> WHAT IS BEING ASKED:
I need the lines from the one containing "主题 :091期:金旺旺信箱彩民推荐→→《一拳夠重 唔使吠咁多》 |" through the last line of the entries retyped exactly, with no pictures among them.

─── MATERIAL SUPPLIED ───

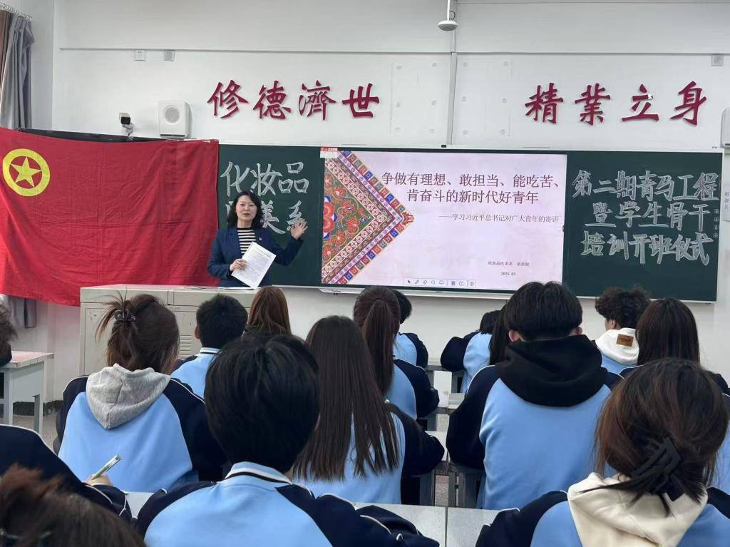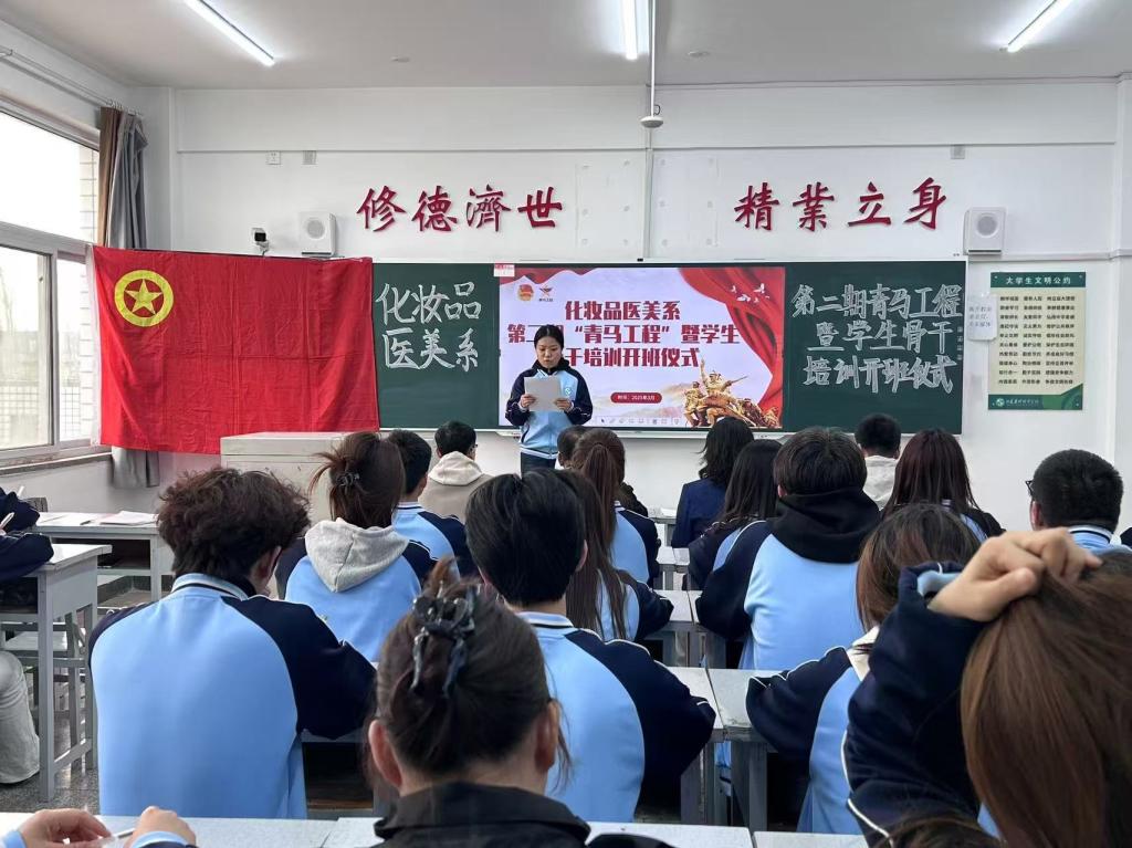 开班仪式在庄严的国歌声中拉开帷幕。学员代表许珂楠同学发言,表示在接下来的青马工程培训学习中,要严以律己,志存高远,做到“立心、立行、立德”,努力学习习近平新时代中国特色社会主义思想,做坚定的马克思主义者。系党总支副书记魏永鹏宣读《化妆品医美系第二期“青马工程”暨学生骨干能力提升培训班实施方案》,并对学员提出了纪律要求。系党总支书记范张姣在开班动员讲话中对学员提出三点希望:一要坚定理想信念,加强理论素养,做一名马克思主义的坚定拥护者;二要勤奋刻苦学习,坚持知行合一,做一名马克思主义的忠实实践者;三要争当先锋模范,甘于奉献社会,做一名马克思主义的积极传播者。开班仪式在全体奏唱《光荣啊!中国共青团》团歌中圆满结束。
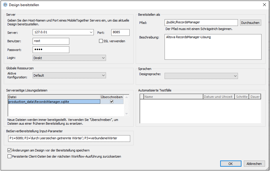 Füllen Sie die Datenfelder im Dialogfeld aus, wie unter Auf MobileTogether Server bereitstellen beschrieben.
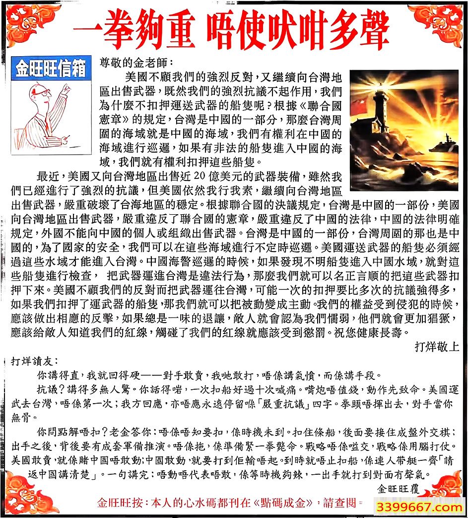 主题 :091期:金旺旺信箱彩民推荐→→《一拳夠重 唔使吠咁多》 |
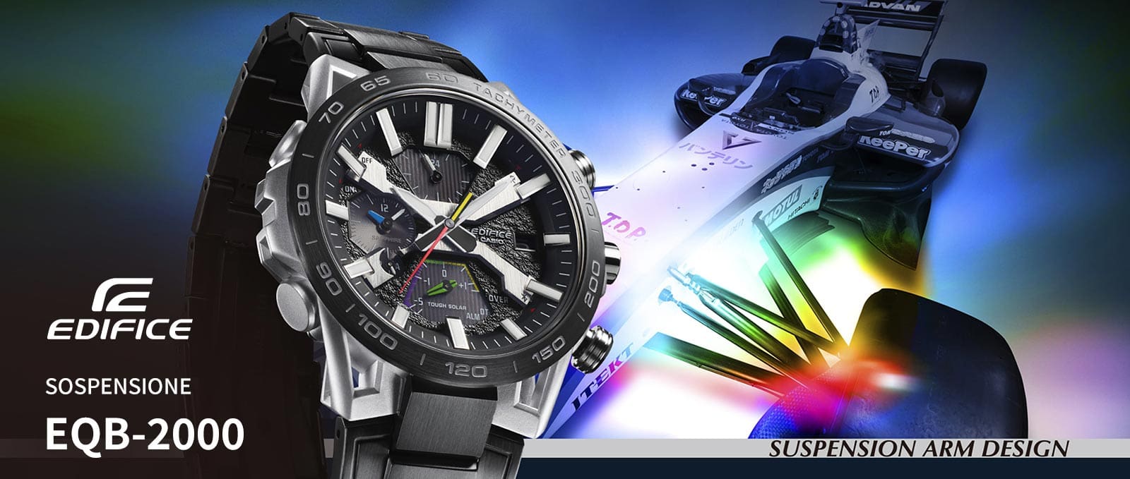 Memperkenalkan bentuk, fungsi, dan kecanggihan motorsport sejati dalam kronograf EDIFICE unggulan, SOSPENSIONE EQB-2000. EDIFICE Speed & Intelligence dilengkapi inovasi dan teknologi berkinerja tinggi, dengan konfigurasi lug empat lengan yang terinspirasi dari suspensi wishbone ganda empat lengan pada mobil balap formula. Komponen tombol dial memiliki kode warna layaknya setir mobil balap sehingga mudah dilihat. Jarum detik berwarna merah memberi visibilitas luar biasa yang diperlukan tim balap karena setiap detik amatlah berharga. Bezel dan tali jam berlapis ion serta kristal safir menjadikan jam tangan tahan gores dengan tampilan dan nuansa mobil balap. Mudah disinkronkan dengan smartphone melalui Bluetooth®. Buka aplikasi untuk mengakses beragam fungsi krusial bagi tim balap — menyesuaikan waktu otomatis secara presisi hingga ke detik, mengelola waktu dunia dengan mudah, dan mentransfer data stopwatch yang dihitung hingga milidetik sebanyak hampir 200 waktu putaran ke smartphone Anda. Tough Solar dapat mengisi daya jam tangan dari sinar matahari atau bahkan lampu neon, menyimpan cukup daya untuk penggunaan normal selama 5 bulan.
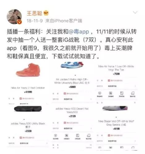 拥有4500万微博粉丝的王思聪在发布抽奖信息时,要求关注毒App。在顶级流量的帮助下,毒App一夜之间便成为苹果Appstore体育类第一名。同时有数据显示,毒APP在2018年每月GMV已经接近2亿元。
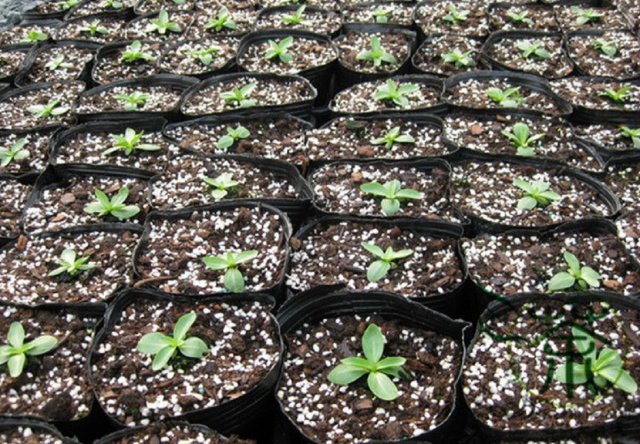Разсадът расте бавно. Гмуркането се извършва след появата на три двойки листа. Малките растения се поставят в отделни саксии, където продължават да растат.

───

> WORKED SOLUTION:
 主题 :091期:金旺旺信箱彩民推荐→→《一拳夠重 唔使吠咁多》 |
 Memperkenalkan bentuk, fungsi, dan kecanggihan motorsport sejati dalam kronograf EDIFICE unggulan, SOSPENSIONE EQB-2000. EDIFICE Speed & Intelligence dilengkapi inovasi dan teknologi berkinerja tinggi, dengan konfigurasi lug empat lengan yang terinspirasi dari suspensi wishbone ganda empat lengan pada mobil balap formula. Komponen tombol dial memiliki kode warna layaknya setir mobil balap sehingga mudah dilihat. Jarum detik berwarna merah memberi visibilitas luar biasa yang diperlukan tim balap karena setiap detik amatlah berharga. Bezel dan tali jam berlapis ion serta kristal safir menjadikan jam tangan tahan gores dengan tampilan dan nuansa mobil balap. Mudah disinkronkan dengan smartphone melalui Bluetooth®. Buka aplikasi untuk mengakses beragam fungsi krusial bagi tim balap — menyesuaikan waktu otomatis secara presisi hingga ke detik, mengelola waktu dunia dengan mudah, dan mentransfer data stopwatch yang dihitung hingga milidetik sebanyak hampir 200 waktu putaran ke smartphone Anda. Tough Solar dapat mengisi daya jam tangan dari sinar matahari atau bahkan lampu neon, menyimpan cukup daya untuk penggunaan normal selama 5 bulan.
 拥有4500万微博粉丝的王思聪在发布抽奖信息时,要求关注毒App。在顶级流量的帮助下,毒App一夜之间便成为苹果Appstore体育类第一名。同时有数据显示,毒APP在2018年每月GMV已经接近2亿元。
Разсадът расте бавно. Гмуркането се извършва след появата на три двойки листа. Малките растения се поставят в отделни саксии, където продължават да растат.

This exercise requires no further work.